Knock Knock Whos there? You You Who? Who You Oh im Jim.

What's long, hard and full of semen? A penis

A baby is cold and won't drink it's milk It's dead

You idiot.

Why did the boy get coal in his stalking. Cause he wants to be a geologist and that's what he asked for.

The blonde is in the park withb a rope a man passes and says what are u doing, she says im goin o hang and kill myself. the next day the man comes back and sees the blonde there alive he says i thought u were goin hang yourself she says i tried but i couldnt breathe.

why didnt jane scream when she got robbed?

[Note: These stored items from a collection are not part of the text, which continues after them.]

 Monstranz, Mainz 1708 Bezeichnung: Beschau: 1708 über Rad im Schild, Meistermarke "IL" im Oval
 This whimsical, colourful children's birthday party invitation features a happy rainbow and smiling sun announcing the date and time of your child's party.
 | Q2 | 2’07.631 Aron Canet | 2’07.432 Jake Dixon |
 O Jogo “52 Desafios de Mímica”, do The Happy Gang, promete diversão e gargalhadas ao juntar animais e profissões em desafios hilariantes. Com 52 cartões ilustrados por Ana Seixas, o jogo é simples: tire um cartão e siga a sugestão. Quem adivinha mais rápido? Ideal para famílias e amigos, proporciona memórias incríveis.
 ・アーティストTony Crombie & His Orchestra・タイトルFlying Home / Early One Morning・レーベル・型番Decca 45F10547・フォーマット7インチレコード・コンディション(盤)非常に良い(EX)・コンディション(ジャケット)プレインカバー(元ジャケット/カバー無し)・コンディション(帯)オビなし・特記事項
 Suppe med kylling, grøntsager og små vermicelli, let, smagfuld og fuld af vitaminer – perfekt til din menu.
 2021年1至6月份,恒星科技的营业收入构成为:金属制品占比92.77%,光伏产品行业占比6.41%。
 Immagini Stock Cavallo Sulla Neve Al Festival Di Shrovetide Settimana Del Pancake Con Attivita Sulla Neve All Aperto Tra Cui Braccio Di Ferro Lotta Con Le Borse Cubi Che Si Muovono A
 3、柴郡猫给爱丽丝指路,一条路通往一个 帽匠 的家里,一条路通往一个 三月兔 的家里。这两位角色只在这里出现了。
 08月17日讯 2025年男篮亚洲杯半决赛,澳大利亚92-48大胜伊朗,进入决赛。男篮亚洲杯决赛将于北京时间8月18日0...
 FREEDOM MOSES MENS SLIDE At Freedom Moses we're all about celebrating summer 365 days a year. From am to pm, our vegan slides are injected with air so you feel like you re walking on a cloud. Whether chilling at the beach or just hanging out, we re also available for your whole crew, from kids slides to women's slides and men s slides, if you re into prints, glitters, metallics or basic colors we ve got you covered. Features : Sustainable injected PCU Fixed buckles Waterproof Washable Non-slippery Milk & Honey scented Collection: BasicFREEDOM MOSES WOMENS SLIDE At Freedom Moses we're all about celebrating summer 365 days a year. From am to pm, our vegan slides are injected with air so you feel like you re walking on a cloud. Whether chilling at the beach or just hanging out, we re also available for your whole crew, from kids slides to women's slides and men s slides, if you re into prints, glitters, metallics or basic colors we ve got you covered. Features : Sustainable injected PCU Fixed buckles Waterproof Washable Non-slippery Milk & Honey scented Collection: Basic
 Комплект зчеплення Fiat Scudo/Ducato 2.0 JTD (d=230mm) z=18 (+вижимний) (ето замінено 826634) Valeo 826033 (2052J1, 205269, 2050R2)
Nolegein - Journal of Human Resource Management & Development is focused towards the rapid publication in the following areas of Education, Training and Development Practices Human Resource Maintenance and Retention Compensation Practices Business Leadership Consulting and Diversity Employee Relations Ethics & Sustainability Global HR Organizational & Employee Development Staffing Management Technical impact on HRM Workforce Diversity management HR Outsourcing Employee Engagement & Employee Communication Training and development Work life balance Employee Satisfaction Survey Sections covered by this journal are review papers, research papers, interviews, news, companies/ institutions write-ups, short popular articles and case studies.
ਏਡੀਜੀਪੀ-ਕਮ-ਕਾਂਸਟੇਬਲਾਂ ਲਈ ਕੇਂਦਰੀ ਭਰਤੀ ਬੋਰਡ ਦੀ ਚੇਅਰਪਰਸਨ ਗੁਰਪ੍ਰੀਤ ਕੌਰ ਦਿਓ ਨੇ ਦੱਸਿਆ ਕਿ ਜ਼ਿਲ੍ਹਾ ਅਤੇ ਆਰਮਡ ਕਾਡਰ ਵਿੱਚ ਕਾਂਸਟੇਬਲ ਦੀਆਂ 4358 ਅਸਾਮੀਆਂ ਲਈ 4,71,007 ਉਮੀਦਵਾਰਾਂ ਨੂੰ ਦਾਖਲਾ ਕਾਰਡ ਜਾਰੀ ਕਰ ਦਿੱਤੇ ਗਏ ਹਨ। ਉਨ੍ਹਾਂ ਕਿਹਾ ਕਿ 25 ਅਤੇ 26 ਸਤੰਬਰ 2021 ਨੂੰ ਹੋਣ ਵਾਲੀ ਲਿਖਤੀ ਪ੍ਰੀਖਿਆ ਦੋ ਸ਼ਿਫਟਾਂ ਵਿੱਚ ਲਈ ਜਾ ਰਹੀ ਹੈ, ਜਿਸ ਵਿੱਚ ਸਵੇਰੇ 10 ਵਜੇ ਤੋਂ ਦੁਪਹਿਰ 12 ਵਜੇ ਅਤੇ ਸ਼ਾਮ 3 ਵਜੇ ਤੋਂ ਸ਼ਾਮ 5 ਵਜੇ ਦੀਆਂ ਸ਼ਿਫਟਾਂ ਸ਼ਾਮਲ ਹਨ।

Because she got shot.

Roses are red, The grass is greener, Every time i'm with you, I touch my wiener.

What did the guy say to the other guy? Hello.

Why did the black man across the road? just kidding he didnt make it across the road i hit him with my car

what do you call cheese that isn't yours? not your cheese, you probably stole it.

whats brown and sticky? Doody

What do you call 17 blondes standing in a row? most certainly not Charles because it seems as though it would be incrediblely unlikley that a girl would be named Charles

What happened to the hungry child? He got out of Africa

How did the little boy fall over? He was tripped up by his alcoholic father.

What does a white man say when you slug him in the face with a club. Ow.

What's the hardest part about watching a 2 year old get hit by a bus is? Trying not to laugh.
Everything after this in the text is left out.